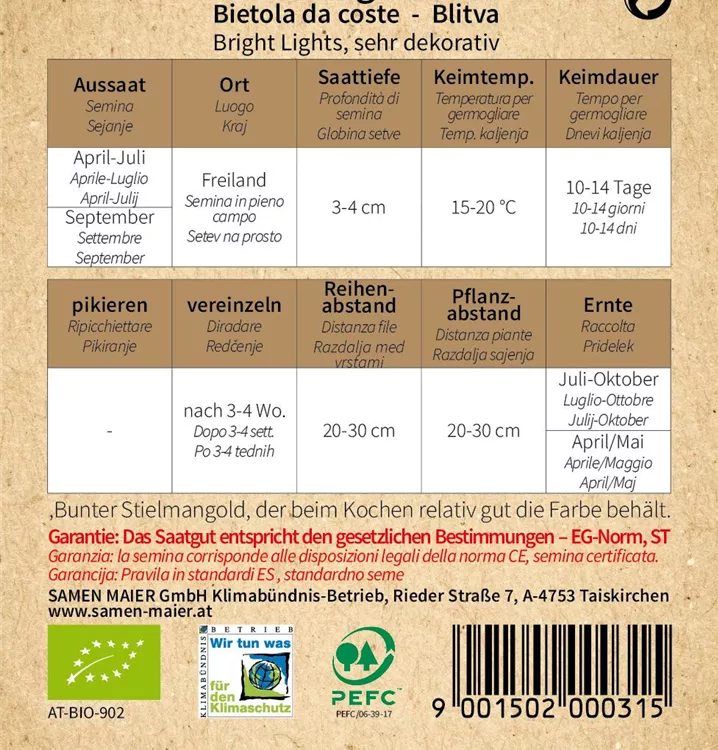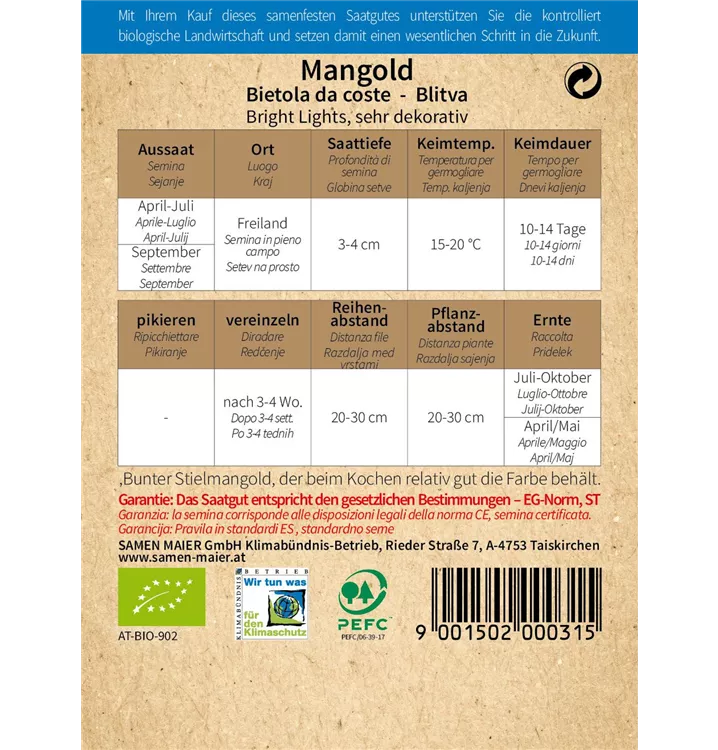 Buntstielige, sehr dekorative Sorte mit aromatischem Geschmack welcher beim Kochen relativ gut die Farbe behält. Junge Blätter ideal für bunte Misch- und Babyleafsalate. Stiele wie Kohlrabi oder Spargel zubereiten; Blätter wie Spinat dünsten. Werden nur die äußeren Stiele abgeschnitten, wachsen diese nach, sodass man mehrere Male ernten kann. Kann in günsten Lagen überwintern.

--

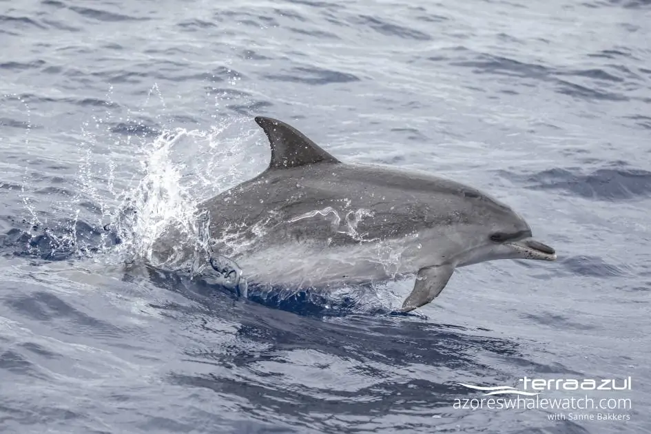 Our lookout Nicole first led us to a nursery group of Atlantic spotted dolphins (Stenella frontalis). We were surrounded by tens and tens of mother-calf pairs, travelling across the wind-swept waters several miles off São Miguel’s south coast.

--

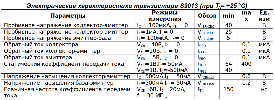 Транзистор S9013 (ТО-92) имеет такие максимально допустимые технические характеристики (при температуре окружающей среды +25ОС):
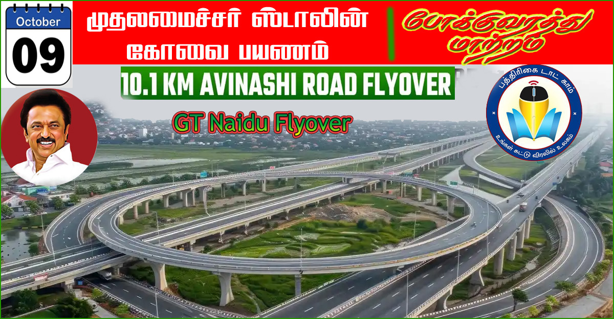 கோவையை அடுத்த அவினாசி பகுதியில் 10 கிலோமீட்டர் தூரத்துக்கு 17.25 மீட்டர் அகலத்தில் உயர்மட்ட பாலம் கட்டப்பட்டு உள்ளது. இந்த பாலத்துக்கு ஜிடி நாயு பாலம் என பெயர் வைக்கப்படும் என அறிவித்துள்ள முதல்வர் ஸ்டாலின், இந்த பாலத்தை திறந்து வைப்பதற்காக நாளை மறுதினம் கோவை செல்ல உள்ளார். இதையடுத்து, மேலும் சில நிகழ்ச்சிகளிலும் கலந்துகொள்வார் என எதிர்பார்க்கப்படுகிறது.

WHAT THE EXERCISE ASKS:
Given the listing above, retype only the span of lines from the line with "Транзистор S9013 (ТО-92)" up to and including the line with "கோவையை அடுத்த அவினாசி", exactly as it stands and without pictures.

EXERCISE RESULT:
 Транзистор S9013 (ТО-92) имеет такие максимально допустимые технические характеристики (при температуре окружающей среды +25ОС):
 கோவையை அடுத்த அவினாசி பகுதியில் 10 கிலோமீட்டர் தூரத்துக்கு 17.25 மீட்டர் அகலத்தில் உயர்மட்ட பாலம் கட்டப்பட்டு உள்ளது. இந்த பாலத்துக்கு ஜிடி நாயு பாலம் என பெயர் வைக்கப்படும் என அறிவித்துள்ள முதல்வர் ஸ்டாலின், இந்த பாலத்தை திறந்து வைப்பதற்காக நாளை மறுதினம் கோவை செல்ல உள்ளார். இதையடுத்து, மேலும் சில நிகழ்ச்சிகளிலும் கலந்துகொள்வார் என எதிர்பார்க்கப்படுகிறது.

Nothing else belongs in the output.